Presentation on theme: "Where Nitrogen is Stored Large Stores In the atmosphere where it exists as a gas (78%) Oceans and within organic matter in soil Small Stores Within terrestrial."— Presentation transcript:
Where Nitrogen is Stored Large Stores In the atmosphere where it exists as a gas (78%) Oceans and within organic matter in soil Small Stores Within terrestrial ecosystems, living organisms, lakes and marshes
How Nitrogen is Cycled There are large stores of N 2 in the atmosphere but most organisms cannot use it in the form of a gas. Therefore nitrogen is cycled by 3 different methods: 1. Nitrogen Fixation 2. Nitrification 3. Uptake
Nitrogen (N 2 ) Fixation Process that converts N 2 into nitrate NO 3 - OR ammonium NH 4 + compounds. These 2 compounds: NO 3 - and NH 4 + can only be used by plants! Nitrogen Fixation occurs in 3 different ways: 1. In the Atmosphere via lightning 2. In Soil via Nitrogen Fixing Bacteria (aka Rhizobium ) 3. In oceans, wetlands and lakes via cyanobacteria
1. N 2 Fixation in the ATMOSPHERE Happens when lightening strikes! Obviously a small amount of nitrogen-containing compounds are fixed this way. How does this happen? Lightning provides heat energy causing N 2 to react with O 2 in the atmosphere where it is converted into nitrate (NO 3 - ) Newly formed nitrate enters aquatic and terrestrial ecosystems by rain!
2. N 2 Fixation in SOIL & WATER Occurs when N 2 is converted into ammonium (NH 4 + ) by nitrogen fixing bacteria during decomposition. Example: Rhizobium, a N 2 fixing bacteria lives in the root nodules of legumes (pod-producing plants such as beans, peas, clover and alfalfa) and some other plants. How does Rhizobium and pod-producing plants fix N 2 ? Through Mutualism ! IN SOIL: pod producing plants supply the Rhizobium bacteria with sugars which it needs to survive while the Rhizobium bacteria supply's its host plant with nitrogen in the form of ammonium (NH 4 + ). IN WATER: occurs in water via a bacteria found in aquatic ecosystems called cyanobacteria. This bacteria also converts N 2 into ammonium (NH 4 + ).
3. Nitrification and Uptake Not all plants live in association with nitrogen-fixing bacteria they must get N 2 in another form. Nitrification : process where NH 4 + is converted into NO 3 - which involves the help of soil bacteria's called: nitrifying bacteria. Takes place in 2 stages in soil by different types of nitrifying bacteria: 1. Ammonium NH 4 + is converted into nitrite NO 2 - 2. Nitrite (NO 2 - ) is converted into nitrate (NO 3 - ) a compound that plants can readily use to synthesize plant protein and stay healthy. Occurs in 2 steps because different types of bacteria are needed for each step. Animals obtain the nitrate (NO 3 -) that they need by eating plants!

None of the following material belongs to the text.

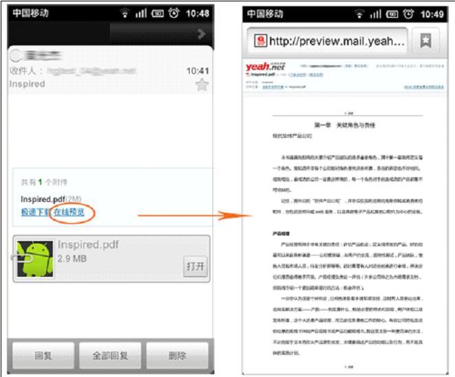 據(jù)網(wǎng)易郵箱產品經理介紹,對于網(wǎng)易郵箱(163.com、126.com、yeah.net)的4.3億用戶,只要通過 IMAP 方式收取網(wǎng)易郵箱附件,不管是否安裝任何打開附件的軟件,都可以在手機和 ipad 等終端(包括 PC 客戶端、Android 手機端、iPhone 端、iPad 端的用戶)上在線預覽附件,不占用各手機和 iPad 的空間,這在國內郵箱運營商中屬于首創(chuàng)。
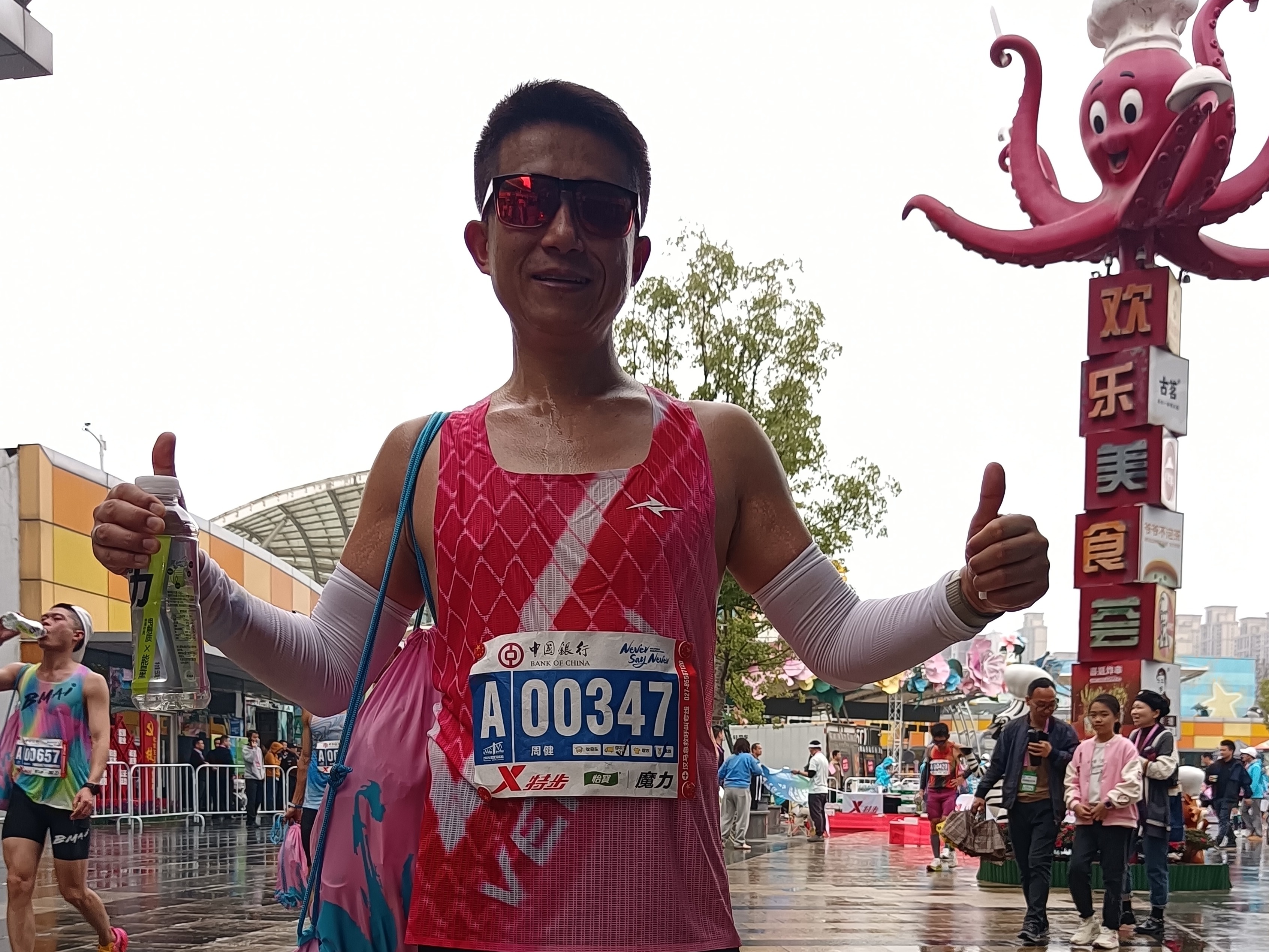 周健说,他从2019年开始参加马拉松运动。截至目前,他已在北京、河北、江苏、福建、湖北等地参加了30多场马拉松比赛。他一直渴望参加汉马比赛,于2024年底报名参加2025年的汉马比赛,幸运中签。

How does N 2 return to the atmosphere? Nitrogen is returned to the atmosphere via a process called denitrification. Occurs in terrestrial and aquatic ecosystems by bacteria known as; denitrifying bacteria: Denitrifying bacteria returns N 2 to the atmosphere by converting NO 3 - back into N 2 gas N 2 is also returned to the atmosphere via volcanic ash and nitrogen oxide gases from industry and automobiles.
How is Excess Nitrogen Removed from Ecosystems? Excess nitrate and ammonium that are not taken up by plants mix with rainwater and are washed away into ground water and streams. Unused nitrogen may settle in ocean, lake or river bottoms in sediments. Eventually these sediments turn into rock where the nitrogen will not be available. Only after centuries of weathering will the nitrogen be re-released.
Human Factors and The N 2 Cycle 1. Fossil Fuel Burning – via automobiles and industry releasing NO and NO 2 gases 2. Clearing Forests and Grasslands – releases trapped nitrogen into the atmosphere and returns to the ground as acid rain. 3. Chemical Fertilizers – results in an excess amount of NH 4 and NO 3 which can escape back into the atmosphere as NH 3 (ammonia) or leached away by rain. Can cause eutrophication: increased amounts of dissolved nitrogen causes plant growth and decay. Causing excessive algae growth in aquatic ecosystems which deprives aquatic organisms of oxygen.